Ranger Lucy in uniform standing with me and my guide dog

Ranger Lucy, Muir Woods

Ranger Lucy from the Muir Woods park service gave a tree talk to visitors. She had 5 lessons we can learn from the redwoods:

  1. Stand Tall and Proud– redwoods are the tallest living thing on earth. They have survived fires, droughts and other hardships. They bear scars and cracks which testify to their struggle to live. Wear your scars of survivorship proudly and stand with dignity.
  2. Live in a “Cool” Place-redwoods grow best in the cool temperatures of the fog belt in California. They flourish in this moist environment. Find your special place in the world where you can thrive.
  3. Support Your Community-redwoods have a disproportionately shallow root system for their size. Their roots extend widely to tangle with other near-by trees in order to anchor themselves securely. Reach out to your community to establish connections with others.
  4. Grow a Thick Skin-redwoods have very thick, spongy and fibrous bark, rich in tannic acid which makes it resistant to fire, insects, and fungi. Allow your skin to thicken so you can resist the assaults of life.
  5. Surround Yourself with Family-redwoods have the ability to reproduce by sprouting burls and forming tightly grouped “family circles,” giving them a survival advantage. Stay close to family so they can fortify and strengthen you.

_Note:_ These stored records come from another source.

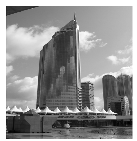
Astana, the capital of Kazakhstan

As more and more people move to cities there are many challenges for authorities and governments. Rapid growth of cities often creates problems for people. Life is more expensive in cities. Many people arrive in cities before resources and facilities are available. This causes many problems and creates slum areas and shanty towns.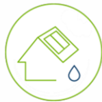
Solar thermal panels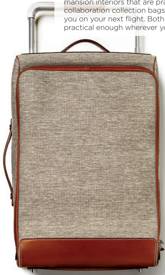
Hermès Calèche Express canvas and leather luggage, $8,000, hermes.com

Your take-it-with-you essential on your next vacation? An expensive-looking carry-on handbag that looks and feels like luxury. And this season's choices just got a whole lot chicer: fashion designer Mary Katrantzou teamed up with French handbag brand Longchamp this spring to create artful trompe-l'œil carry-on handbags, a dreamy collection of colourful art-y purses with hot-air balloons, floating orchids and 3D mansion interiors that are practically ready-to-wear masterpieces. Tommy Ton's latest collaboration collection bags with Club Monaco are also roomy enough to take with you on your next flight. Both backpack and messenger bag look polished and are practical enough wherever your destination. Et bon vol!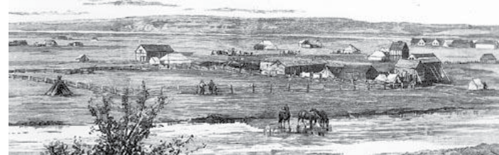
Calgary, Alberta, 1884

They also faced Residential Schools that isolated students from their culture and families under sometimes terrible conditions.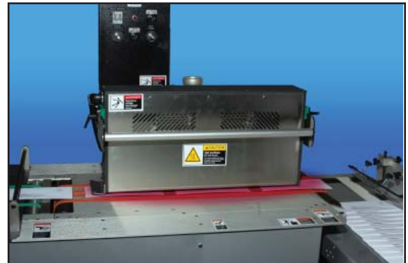
Specially designed bulbs reduce glare and direct most infrared energy towards the ink pattern. This means lower power settings can be used, reducing energy consumption and extending bulb life.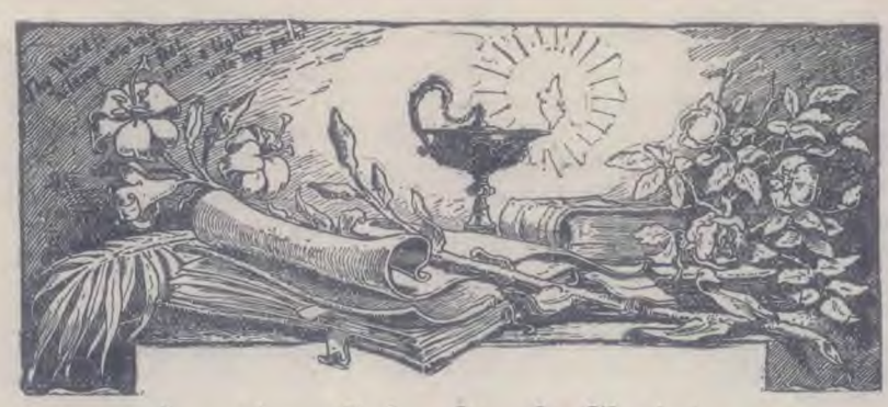
____In the School of Christ.

SCIENCE WITH THE BIBLE, AND WITHOUT THE BIBLE.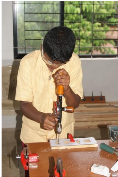
USING HAND DRILL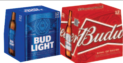
Budweiser Family 12 PACK 12 OZ. CANS OR BTLs.

I am always looking for what nature can teach me. We live in such an exquisitely designed and spectacularly intelligent world. When we stop to observe and listen, we learn great secrets and truths. These sacred experiences teach us to respect and appreciate the beauty and gifts of the Earth.

A group of trees forming a family circle

Cathedral Grove, a family circle of redwoods

            

The clearest way into the Universe is through a forest wilderness.